What needs to be done >> Below are the records. Retype exactly the lines between the lines holding "10月10日に行われた第1学" and "Bawełna 100%. Okrągły", inclusive.

Supplied data START

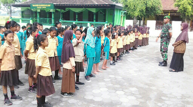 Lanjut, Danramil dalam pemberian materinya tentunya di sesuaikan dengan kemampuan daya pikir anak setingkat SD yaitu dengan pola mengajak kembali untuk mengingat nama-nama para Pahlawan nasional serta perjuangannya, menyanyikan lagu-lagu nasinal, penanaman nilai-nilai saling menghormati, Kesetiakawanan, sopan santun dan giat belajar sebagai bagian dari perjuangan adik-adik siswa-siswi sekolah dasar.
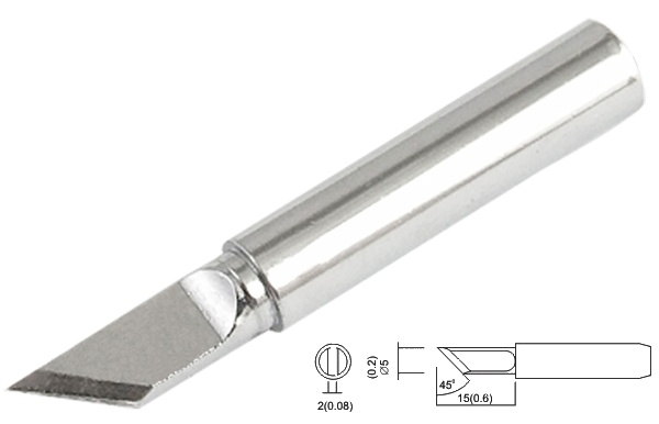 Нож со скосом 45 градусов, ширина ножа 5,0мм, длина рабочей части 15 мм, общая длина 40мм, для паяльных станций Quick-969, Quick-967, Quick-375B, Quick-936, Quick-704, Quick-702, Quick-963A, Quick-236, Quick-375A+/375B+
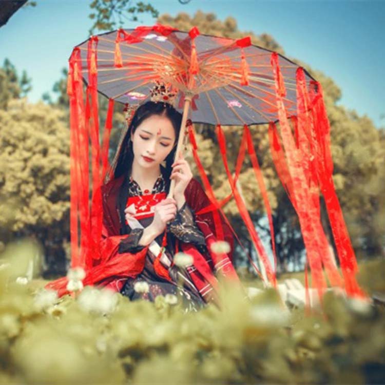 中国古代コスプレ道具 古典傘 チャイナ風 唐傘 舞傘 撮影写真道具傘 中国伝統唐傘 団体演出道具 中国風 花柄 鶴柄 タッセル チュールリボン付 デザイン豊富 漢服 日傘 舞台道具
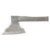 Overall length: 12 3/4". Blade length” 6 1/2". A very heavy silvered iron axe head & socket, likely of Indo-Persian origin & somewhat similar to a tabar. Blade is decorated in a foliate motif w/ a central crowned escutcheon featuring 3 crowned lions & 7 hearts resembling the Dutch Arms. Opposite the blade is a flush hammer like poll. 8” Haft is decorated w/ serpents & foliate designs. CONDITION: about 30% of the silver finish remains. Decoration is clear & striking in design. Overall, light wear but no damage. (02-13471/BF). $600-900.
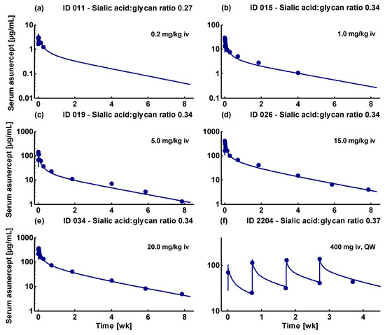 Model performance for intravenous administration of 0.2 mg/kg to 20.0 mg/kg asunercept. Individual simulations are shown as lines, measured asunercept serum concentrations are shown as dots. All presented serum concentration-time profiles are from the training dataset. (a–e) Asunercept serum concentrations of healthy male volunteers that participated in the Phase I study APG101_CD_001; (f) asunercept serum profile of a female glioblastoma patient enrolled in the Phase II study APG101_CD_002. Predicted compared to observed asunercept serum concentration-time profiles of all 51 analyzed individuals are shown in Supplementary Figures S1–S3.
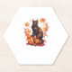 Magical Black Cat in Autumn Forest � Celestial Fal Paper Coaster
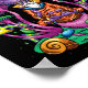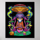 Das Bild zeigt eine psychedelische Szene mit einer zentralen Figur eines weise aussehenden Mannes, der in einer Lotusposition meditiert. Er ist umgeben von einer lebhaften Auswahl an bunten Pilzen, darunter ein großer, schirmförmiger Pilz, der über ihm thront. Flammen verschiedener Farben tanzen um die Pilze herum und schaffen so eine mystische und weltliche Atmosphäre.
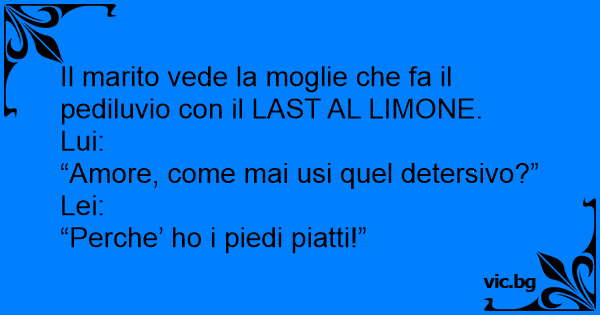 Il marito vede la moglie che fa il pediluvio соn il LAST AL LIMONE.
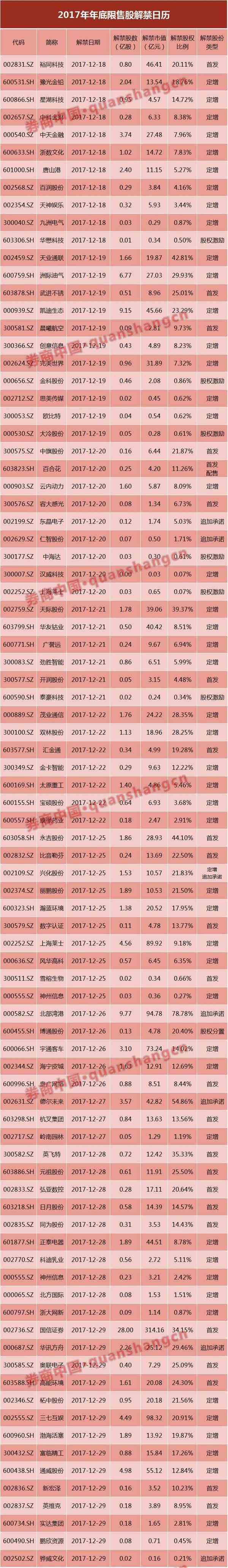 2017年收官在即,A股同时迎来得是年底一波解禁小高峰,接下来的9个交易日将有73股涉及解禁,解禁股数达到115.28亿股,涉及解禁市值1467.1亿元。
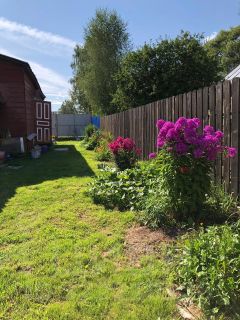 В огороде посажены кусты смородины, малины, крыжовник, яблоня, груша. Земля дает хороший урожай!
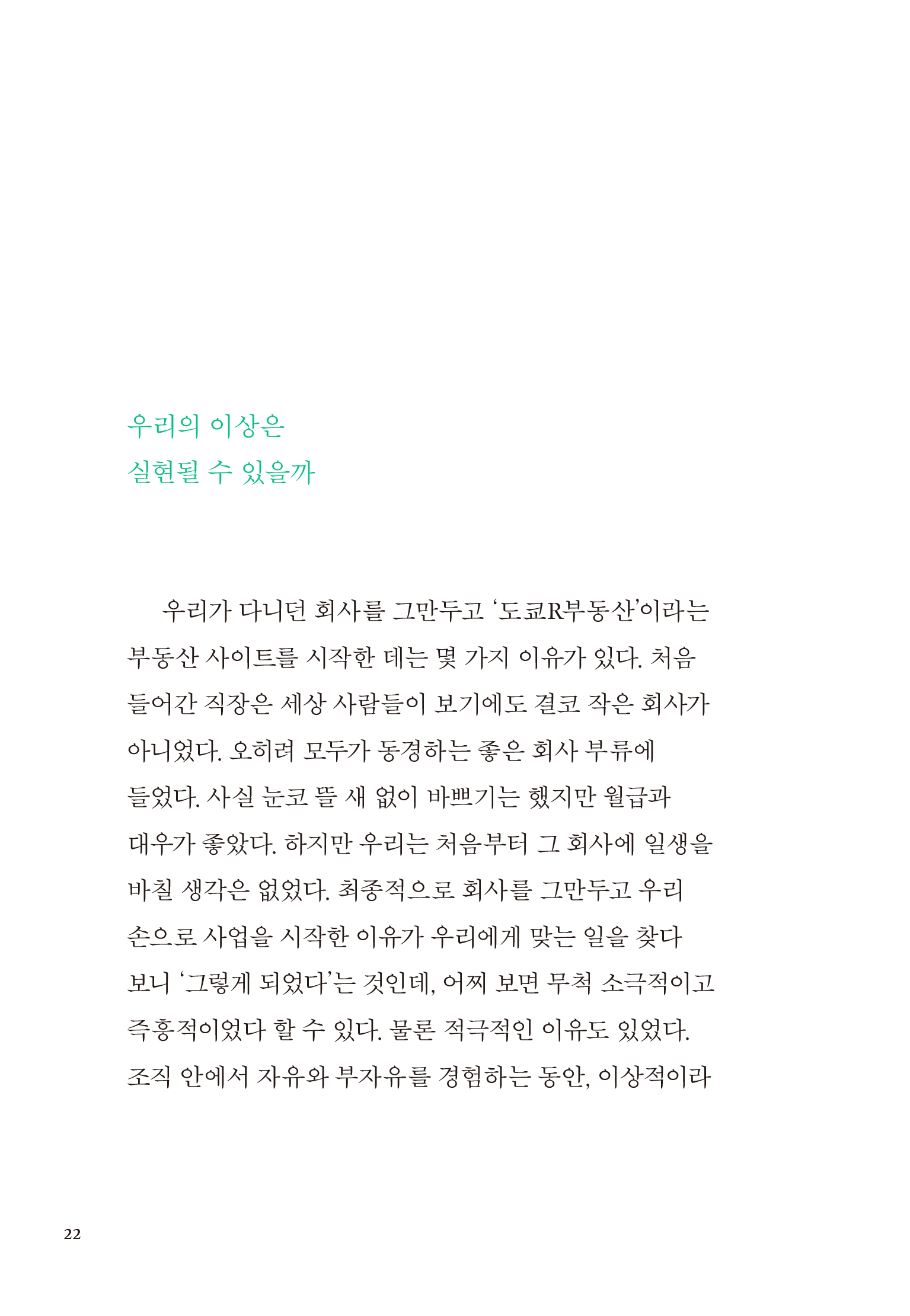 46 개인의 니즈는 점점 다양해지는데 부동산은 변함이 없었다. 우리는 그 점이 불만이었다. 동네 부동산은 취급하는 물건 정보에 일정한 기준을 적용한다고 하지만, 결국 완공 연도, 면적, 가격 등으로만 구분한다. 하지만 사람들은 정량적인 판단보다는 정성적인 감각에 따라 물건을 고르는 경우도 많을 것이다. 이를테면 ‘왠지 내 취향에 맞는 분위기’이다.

Supplied data END
Supplied data START

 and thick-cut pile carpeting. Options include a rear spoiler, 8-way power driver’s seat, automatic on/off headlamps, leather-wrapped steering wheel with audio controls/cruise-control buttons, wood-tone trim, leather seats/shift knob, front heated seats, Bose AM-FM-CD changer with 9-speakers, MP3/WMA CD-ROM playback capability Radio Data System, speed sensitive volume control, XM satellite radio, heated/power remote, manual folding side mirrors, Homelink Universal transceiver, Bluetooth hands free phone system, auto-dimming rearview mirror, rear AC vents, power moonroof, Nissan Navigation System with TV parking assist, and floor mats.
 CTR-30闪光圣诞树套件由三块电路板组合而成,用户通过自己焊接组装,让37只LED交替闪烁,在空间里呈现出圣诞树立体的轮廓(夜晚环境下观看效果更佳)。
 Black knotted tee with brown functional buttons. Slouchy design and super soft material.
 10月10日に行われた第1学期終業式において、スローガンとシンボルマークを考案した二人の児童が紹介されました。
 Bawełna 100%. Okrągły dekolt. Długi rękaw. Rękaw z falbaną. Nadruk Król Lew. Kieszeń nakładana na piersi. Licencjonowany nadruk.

Supplied data END

Written reply >>
 10月10日に行われた第1学期終業式において、スローガンとシンボルマークを考案した二人の児童が紹介されました。
 Bawełna 100%. Okrągły dekolt. Długi rękaw. Rękaw z falbaną. Nadruk Król Lew. Kieszeń nakładana na piersi. Licencjonowany nadruk.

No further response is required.